Restate each entry below exactly; pictures stay out of the copy.

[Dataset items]
====================

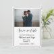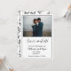 This elegant script photo save the date card is perfect for those of you who prefer the minimalist look. The black and white design features your favourite photo or formal engagement photo. The words Save the Date and the bride and grooms names are done in a beautiful, romantic script typography. The rest is done in a simple typeface to go along with the minimalist theme. Update the card with your information using the easy template provided. Reverse side of the card has an elegant black and white leaf pattern.
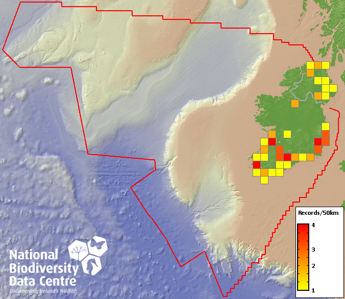 Distribution of the number of records recorded within each 10km grid square (ITM).Marine Map - 50km
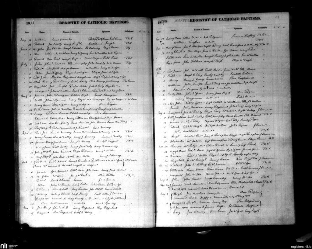 Downpatrick; County of Down; Diocese of Down and Connor. Baptisms, May 1873 to May 1874
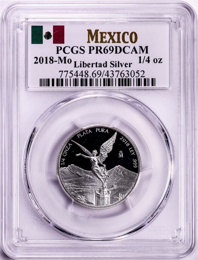 One 2018-Mo Mexico Proof 1/4 oz Silver Libertad Coins PCGS PR69DCAM. PCGS Graded.
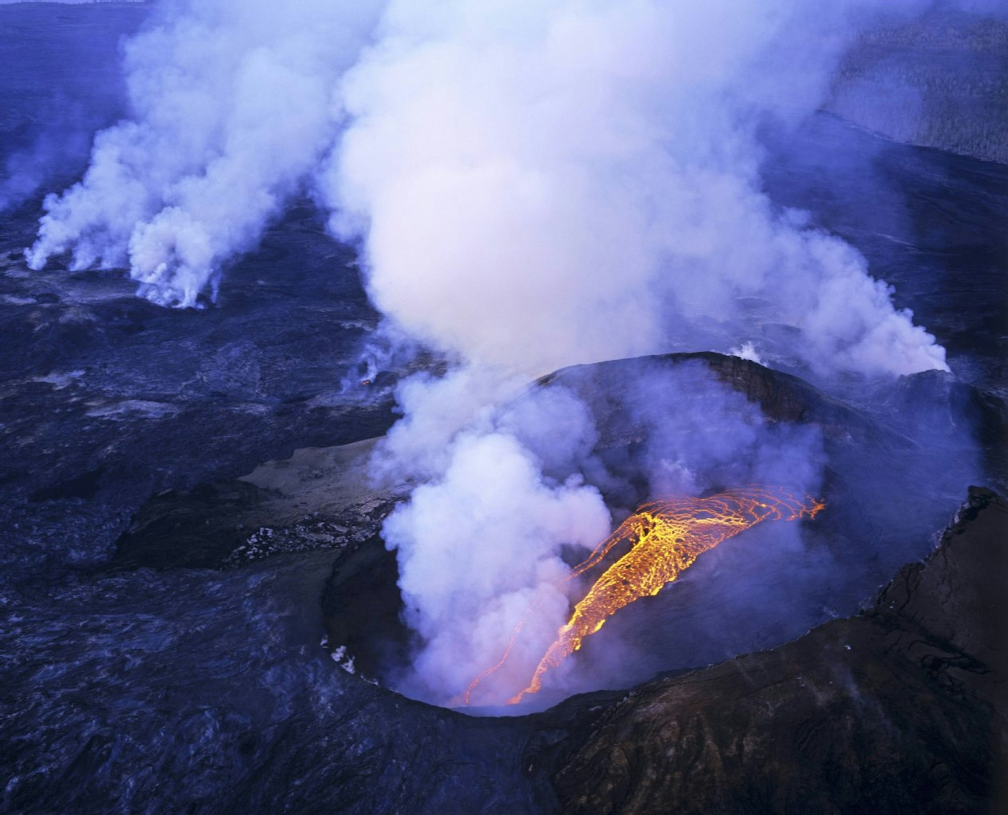 Der Kilauea ist einer der aktivsten Vulkane der Welt. Seit Anfang 1983 speit er täglich Lava. Passenderweise bedeutet sein Name „viel spucken“. Der schier endlose Schmelzfluss landet im Meer vor der hawaiischen Insel Big Island, auf der insgesamt fünf Vulkane stehen. Rund 35 Kilometer südlich von Hawaii wächst im Pazifik übrigens ein neuer Vulkan heran. Zwar ist er schon etwa drei Kilometer hoch; bis er an die Meeresoberfläche stößt, könnte es noch bis zu 100.000 Jahre dauern.

====================

**Your solution**
 This elegant script photo save the date card is perfect for those of you who prefer the minimalist look. The black and white design features your favourite photo or formal engagement photo. The words Save the Date and the bride and grooms names are done in a beautiful, romantic script typography. The rest is done in a simple typeface to go along with the minimalist theme. Update the card with your information using the easy template provided. Reverse side of the card has an elegant black and white leaf pattern.
 Distribution of the number of records recorded within each 10km grid square (ITM).Marine Map - 50km
 Downpatrick; County of Down; Diocese of Down and Connor. Baptisms, May 1873 to May 1874
 One 2018-Mo Mexico Proof 1/4 oz Silver Libertad Coins PCGS PR69DCAM. PCGS Graded.
 Der Kilauea ist einer der aktivsten Vulkane der Welt. Seit Anfang 1983 speit er täglich Lava. Passenderweise bedeutet sein Name „viel spucken“. Der schier endlose Schmelzfluss landet im Meer vor der hawaiischen Insel Big Island, auf der insgesamt fünf Vulkane stehen. Rund 35 Kilometer südlich von Hawaii wächst im Pazifik übrigens ein neuer Vulkan heran. Zwar ist er schon etwa drei Kilometer hoch; bis er an die Meeresoberfläche stößt, könnte es noch bis zu 100.000 Jahre dauern.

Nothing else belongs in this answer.